Economics of the Family (4): marriage and matching

A friend of mine, a future environmental economist, once questioned the practicality of marriage sorting theories: “Can marriage decisions really be modeled in economics? It seems impossible to me, because these are complicated decisions that affect life outcomes over a long time. And even if we can model it, what’s the use?”
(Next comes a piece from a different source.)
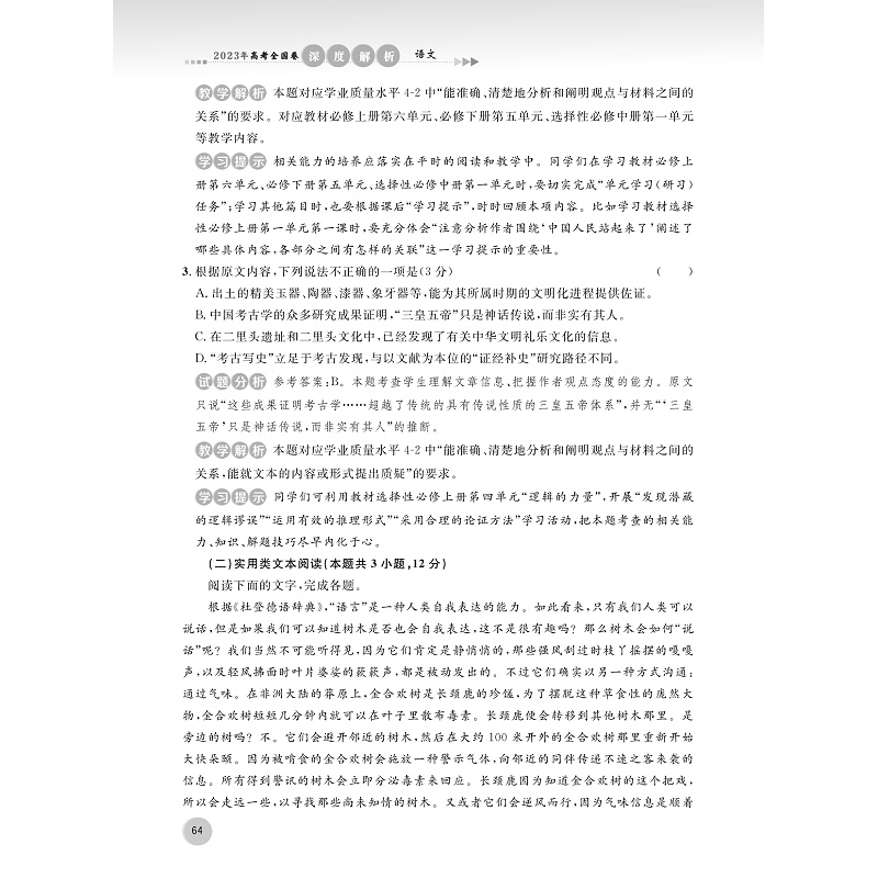 本书根据新高考考向,选取了2023年的新高考I卷、全国卷语文试题,通过对这些高考真题进行分析,阐述当年的高考语文怎么考,考什么,等等。针对高考动向,助力全国教师为下一年全国高三学生复习好、考好高中语文。本书约请江苏、山东、浙江等基础教育比较突出的几个省份的名校名师来编写,强调了出版的时效性,第一时间拿到真题信息,尽快编写并出版,第一时间供给各地教师、学生,为他们有方向性、有效地开始高三学习和复习提供支持。

Such concerns are probably widely held. One might doubt the validity of marriage theories for they assume people rationally weigh their benefits against costs in their lifetime before they say “I do”. Obviously, economists cannot model everything that is involved in marriage decisions, but can outline several aspects that are likely to govern marriage decisions. Gary Becker (1973) models marriage decision as a two-way matching process, where people get married only when both individuals are better off married than single and prefer this spouse than all other potential spouses. Individuals get married in order to produce household goods (“Z goods” in Becker terms) that contribute to their well-being (utility). If we assume there is only one attribute (say, intelligence) that matters in Z good production, then individuals will find partners with similar (opposite) levels of this attribute if men and women’s attributes are complementary (substitutes) in the production. These are called positive (negative) sorting.

Note that the “Z goods” are loosely defined and can range from meals cooked together to children raised. Becker’s framework is no longer applicable if we want to incorporate gay marriage, as we have to rearrange the groups according to people’s sexuality preferences.

Does getting married affect people’s earnings? There is evidence that married white men enjoy a “marriage premium”. On its surface one might conclude that getting married makes men more productive. But higher earnings might reflect the selection of capable individuals into marriage (Chun and Lee, 2001) or a correlation between higher valuation of family goods and greater earning potential (Reed, Robert, and Harford, 1989). Moreover, economists do not perfectly observe how people define “before” and “after” marriage. Surveys do not accurately reflect the true timeline of individual decisions because “after” might appear way before than economists realize it. Respondents might actively seeking promotion and pay increases before marriage to prepare for a married life. Such patterns are shown in Dougherty (2006).

My next post will be on fertility decisions and investment in children. Quality-quantity tradeoff will surely be covered.

References:

Becker, G. 1973. “A Theory of Marriage: Part I.” Journal of Political Economy 81(4): 813-846.

Chun, Hyunbae, and Injae Lee. 2001. “Why do married men earn more: Productivity or marriage selection?.” Economic Inquiry 39(2): 307-319.

Dougherty, C. 2006. “The Marriage Earnings Premium as a Distributed Fixed Effect.” Journal of Human Resources 41(2): 433-443.

Reed, W. Robert, and Kathleen Harford. 1989. “The marriage premium and compensating wage differentials.” Journal of Population Economics 2(4): 237-265.